A place where economics, financial markets, and real estate intersect.

Thursday, October 20, 2016

Morning Report: Buying is still a better deal than renting

Vital Statistics:

Last Change
S&P Futures  2135.3 -3.0
Eurostoxx Index 341.6 -2.0
Oil (WTI) 50.7 -0.9
US dollar index 88.0 0.0
10 Year Govt Bond Yield 1.75%
Current Coupon Fannie Mae TBA 103.3
Current Coupon Ginnie Mae TBA 104.2
30 Year Fixed Rate Mortgage 3.57

Stocks are lower this morning after ECB President Mario Draghi said the ECB is not looking at doing more QE after the program ends in March. Bonds and MBS are up.

In economic data this morning, initial jobless claims rose 13k to 260k. Separately, the Bloomberg Consumer Comfort Index fell. The Philly Fed manufacturing index improved in September, but manufacturing has generally been weak across the board as the stronger dollar hurts competitiveness overseas. 

Existing Home Sales rebounded in September to an annualized pace of 5.47% from a downward-revised pace of 5.3 million in August. The median home price was up 5.6% to $234,200. The first time homebuyer represented 34% of all sales, which is a big improvement from the 30% - 32% range it had been stuck in for the past year. Inventory remains tight, however with about 2.05 million homes on the market, which represents a 4.5 month supply. A balanced market is closer to 6.5 months. Distressed sales (foreclosures and short sales) represented 4% of all sales, which is a post-crisis low. Days on market ticked up to 39 days from 36 in August. The increase in the first time homebuyer is definitely good news, and we may finally be seeing the pent-up demand that has been building over the past 10 years finally come to market. 

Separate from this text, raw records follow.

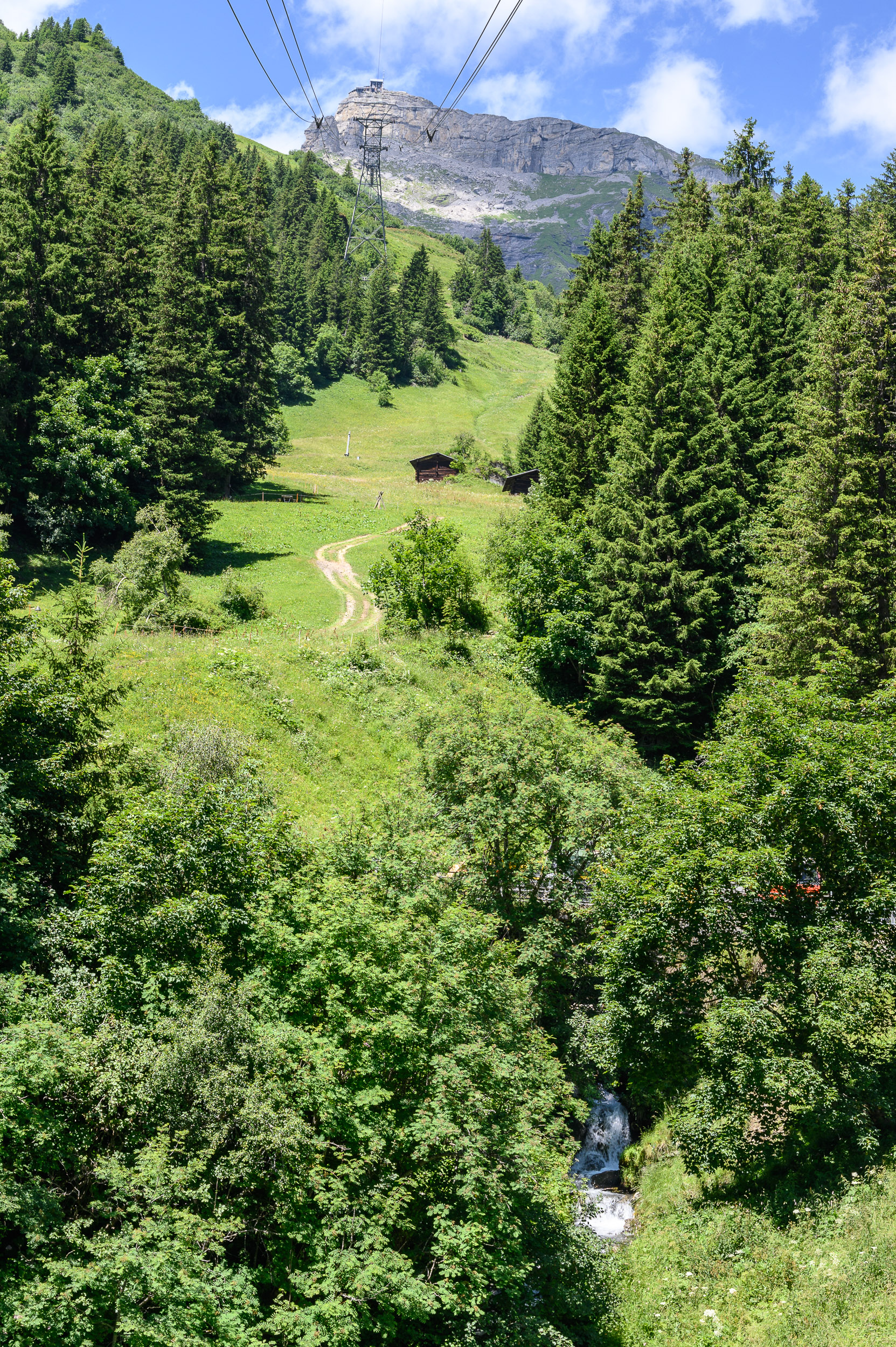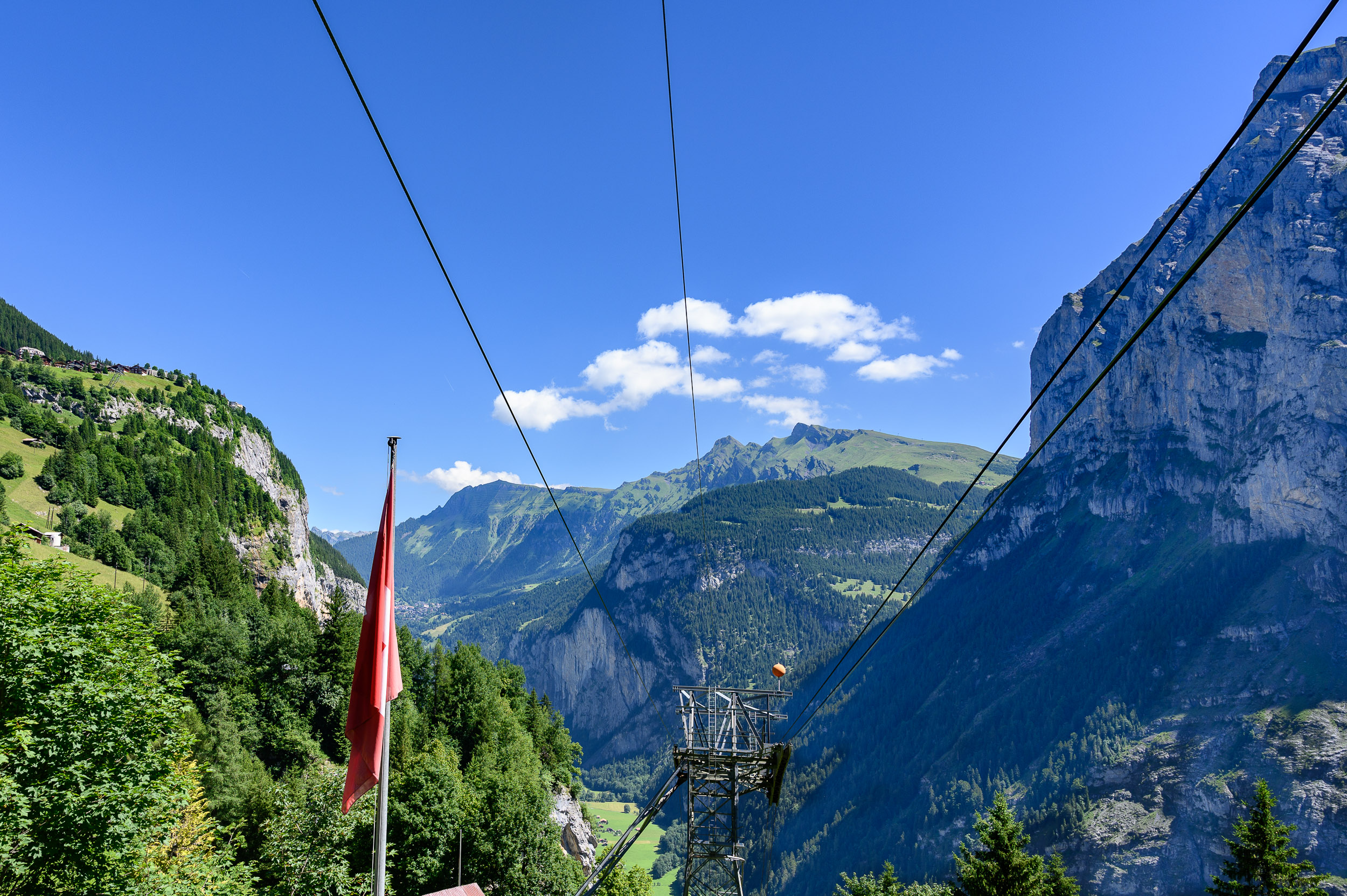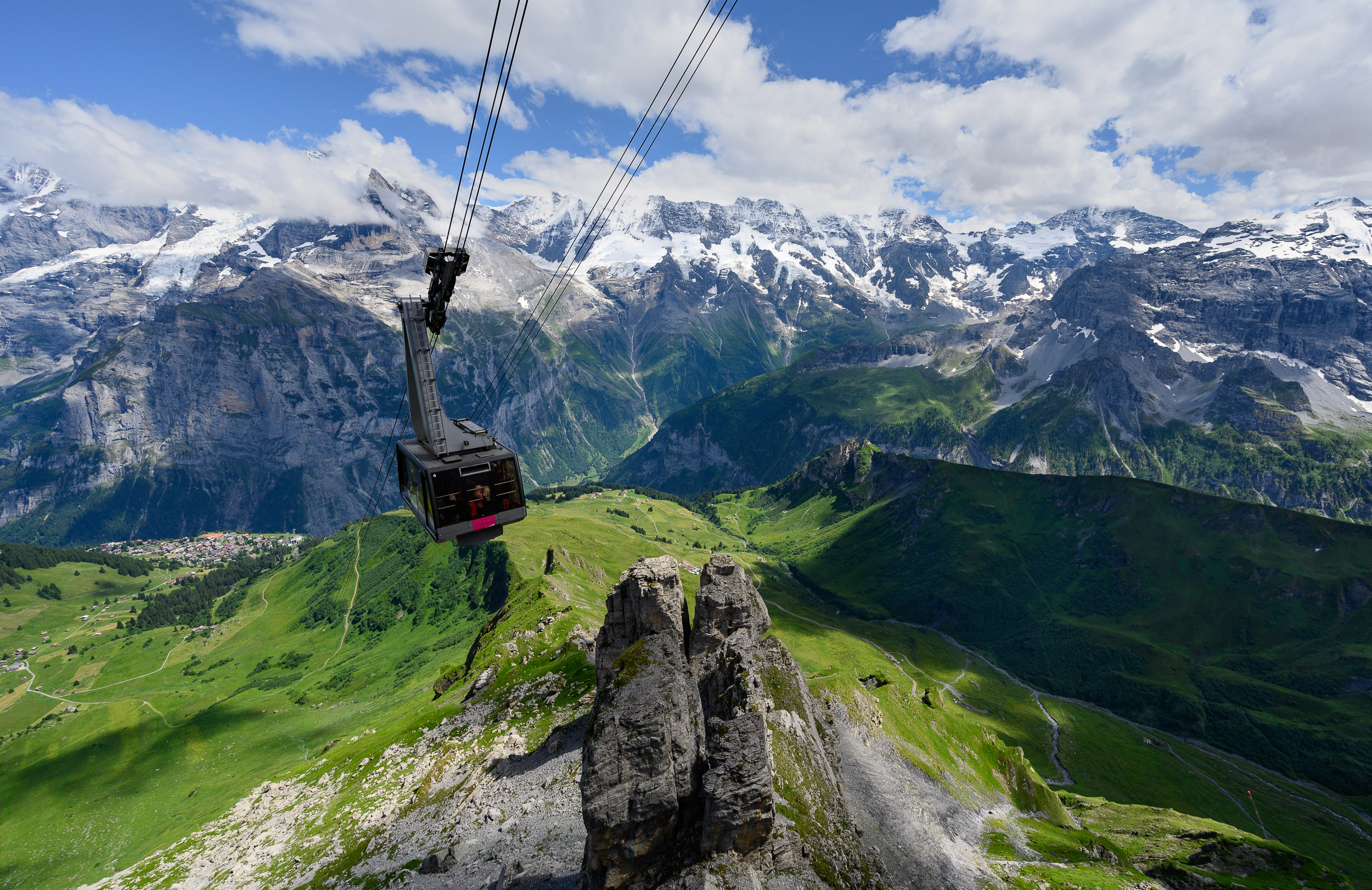 Parte del trayecto del teleférico hasta el Schilthorn, que se puede ver al fondo.
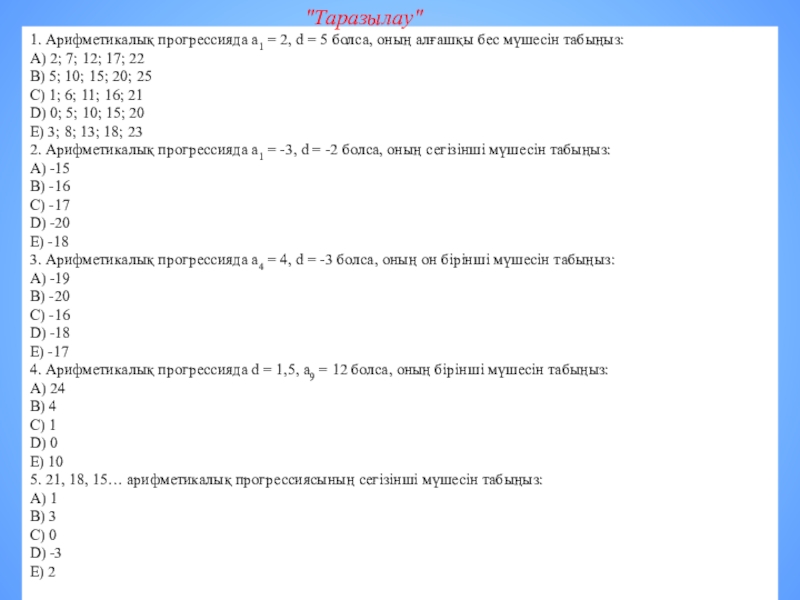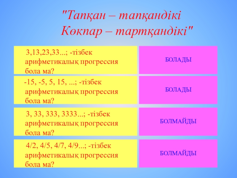 -10, -2, 5, 13, ...; -тізбек арифметикалық прогрессия бола ма?
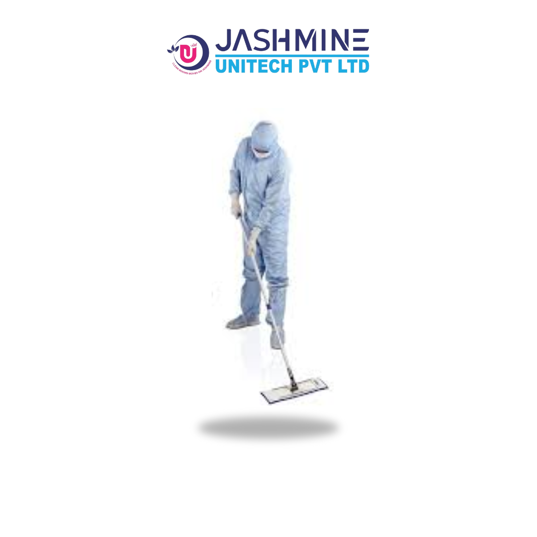 Floor Mops: Lint free sponge mops are used. Mop handles should be of metal or plastic. Clean the powder spillage in compounding area with wet floor mops only.
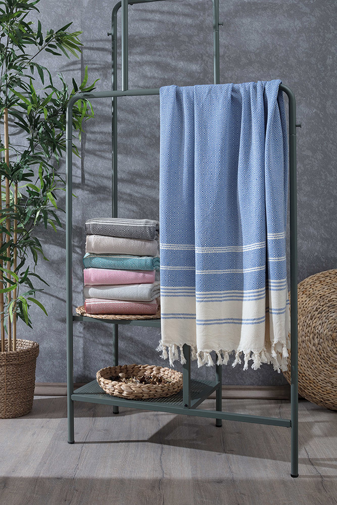 Рушник від турецької ТМ Arya для пляжу чи сауни. Вироби великого розміру, тонкі та компактні, не займають багато місця в сумці, відрізняються сучасним дизайном. Рушник також можна використовувати як парео або пляжний килимок. Вироби практичні в експлуатації, не вимагають особливого догляду, добре витримують прання, надовго зберігають привабливий вигляд.

In spite of all that pent-up demand, housing starts remain anemic given where we are in the economic cycle. Housing construction has been the missing link this whole recession. Note the shaded grey areas on the chart. Those are recessions. See how housing construction historically experienced a sharp rebound after the economy bottomed? We haven't seen that this time around. Some of that was due to an overhang of inventory from the bubble years that needed to be sold, however that adjustment was made by 2011 or so. Since then, tight inventory and rising prices have been the story. The reason why this recovery has been so tepid has been the absence of a robust housing construction market.



Note that Fannie Mae thinks that housing construction will remain muted. In their latest Economic Commentary, they forecast housing starts will grow to about 1.3 million in 2017, which is about 12% higher than their forecast for 2016. The bright spot? SFR will increase to 15% to an annualized pace of 883k. SFR will cannibalize multi-fam going forward as the economy improves and more Millennials go from being renters to being buyers. Speaking of which...

Trulia has a good piece out on the advantages of buying versus renting. Buying a home is 37% cheaper than renting nationally. Naturally, the advantage differs from market to market, but even the worst markets for buying are still 17% cheaper. This assumes the buyer puts down 20% and stays in the house for 7 years. The advantage was as high as 41% in 2012, and got as low as 34% in 2014. Of course this is a moving target as mortgage rates and house prices change. Where are the tipping points to flip the relationship? For home prices, it is a median house price of $468k. For mortgage rates, it is 9.1%.